Objective: A disturbed day-night rhythm is associated with metabolic perturbations that can lead to obesity and type 2 diabetes mellitus (T2DM). In skeletal muscle, a reduced oxidative capacity is also associated with the development of T2DM. However, whether oxidative capacity in skeletal muscle displays a day-night rhythm in humans has so far not been investigated.

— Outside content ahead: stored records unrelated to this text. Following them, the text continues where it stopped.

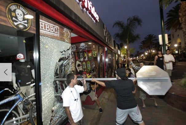 Sadly the most excitement of the entire US Open happened after the whole kit and caboodle was over Sunday evening on the 29th of July. Apparently a bunch of idiots decided to trash Main Street Huntington Beach in a post surf contest riot the likes of which has not been seen since the US Open of 1986 at the same venue. Although not nearly as severe as the ’86 riot damage was done, 8 people were arrested, police injured. I for one was outraged when I heard the news this morning as I was trying to enjoy my breakfast.
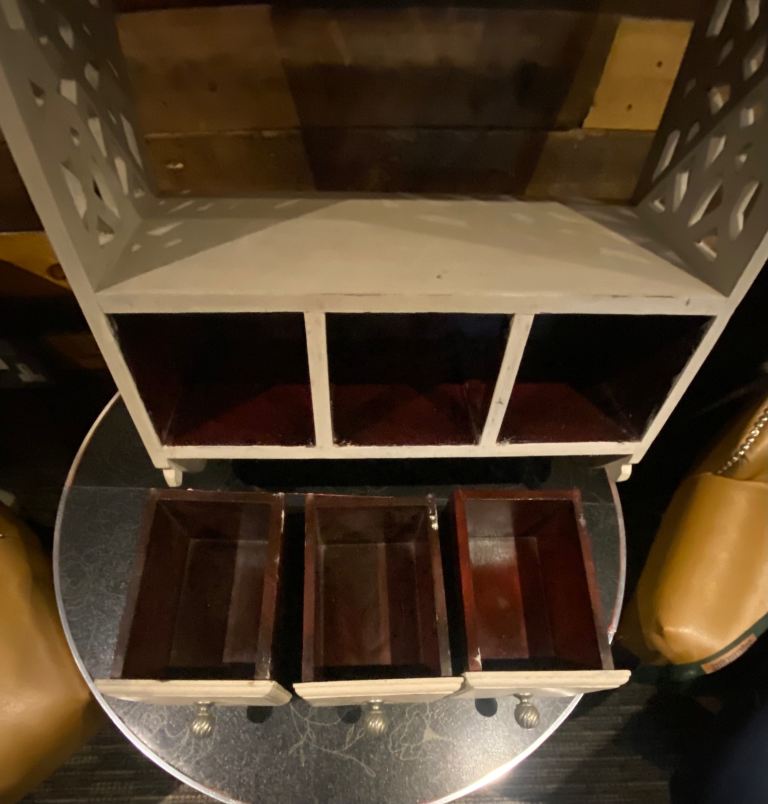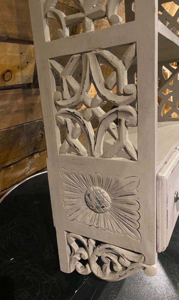 This Old Spice Rack is a stylish and practical upcycled storage unit, perfect for adding a touch of vintage to your home decor. With three shelves and three drawers, this wall-mounted rack offers plenty of storage space for your belongings. Made from wood, it measures 79cm in height, 45.5cm in length, and 19cm in width. Its multipurpose design makes it a versatile addition to any room, and its neutral grey colour complements a variety of interiors.
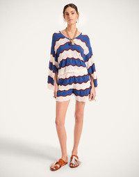 Crafted from our Italian lace knit, the Hang Ten Top is the perfect blend of luxurious and laid-back. Cosy enough for autumn on the Amalfi and breezy enough for winter oceanside getaways, this is the ideal item for throwing over your swimsuit after a dip to head straight to your aperitivo. Grab the matching mini shorts for a chic seaside set! Details & Fit - Lace knit top - Wave pattern - V neck - Wide short sleeves - Composition: 50% Cotton 46% Viscose 4% Metal Polyester - Made in Italy - The model is 177 cm tall and wears a size S
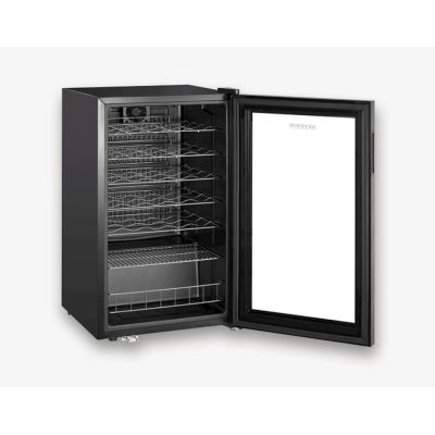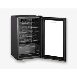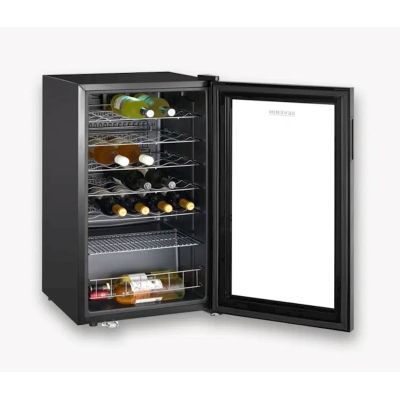 * Kontinuirano podesiva temperatura od 5°C do 18°C ????putem zaslona osjetljivog na dodir za optimalno skladištenje do 33 boce od 0,75 litara * Preklopna LED unutarnja rasvjeta za ugodnu atmosferu * Ugodno tiho * Visokokvalitetni dizajn sa staklenim vratima i plasticnim okvirom te 6 kromiranih polica, od kojih je 5 podesivo po visini

Methods: Lean, healthy subjects were enrolled in a standardized living protocol with regular meals, physical activity and sleep to reflect our everyday lifestyle. Mitochondrial oxidative capacity was examined in skeletal muscle biopsies taken at five time points within a 24-hour period.
Results: Core-body temperature was lower during the early night, confirming a normal day-night rhythm. Skeletal muscle oxidative capacity demonstrated a robust day-night rhythm, with a significant time effect in ADP-stimulated respiration (state 3 MO, state 3 MOG and state 3 MOGS, p < 0.05). Respiration was lowest at 1 PM and highest at 11 PM (state 3 MOGS: 80.6 ± 4.0 vs. 95.8 ± 4.7 pmol/mg/s). Interestingly, the fluctuation in mitochondrial function was also observed in whole-body energy expenditure, with peak energy expenditure at 11 PM and lowest energy expenditure at 4 AM (p < 0.001). In addition, we demonstrate rhythmicity in mRNA expression of molecular clock genes in human skeletal muscle.
Conclusions: Our results suggest that the biological clock drives robust rhythms in human skeletal muscle oxidative metabolism. It is tempting to speculate that disruption of these rhythms contribute to the deterioration of metabolic health associated with circadian misalignment.
Keywords: BMAL1, brain and muscle ARNT-like 1; BMI, body mass index; Biological rhythm; CLOCK, circadian locomotor output cycles kaput; CRY, cryptochrome; Energy metabolism; FCCP, carbonyl cyanide-4-trifluoromethoxyphenylhydrazone; Mitochondria; Molecular clock; NADH, reduced nicotinamide adenine dinucleotide; Oxidative capacity; PER, period; RER, respiratory exchange ratio; RT-QPCR, Real-Time Quantitative Polymerase Chain Reaction; Skeletal muscle; T2DM, type 2 diabetes mellitus; TCA cycle, tricarboxylic acid cycle.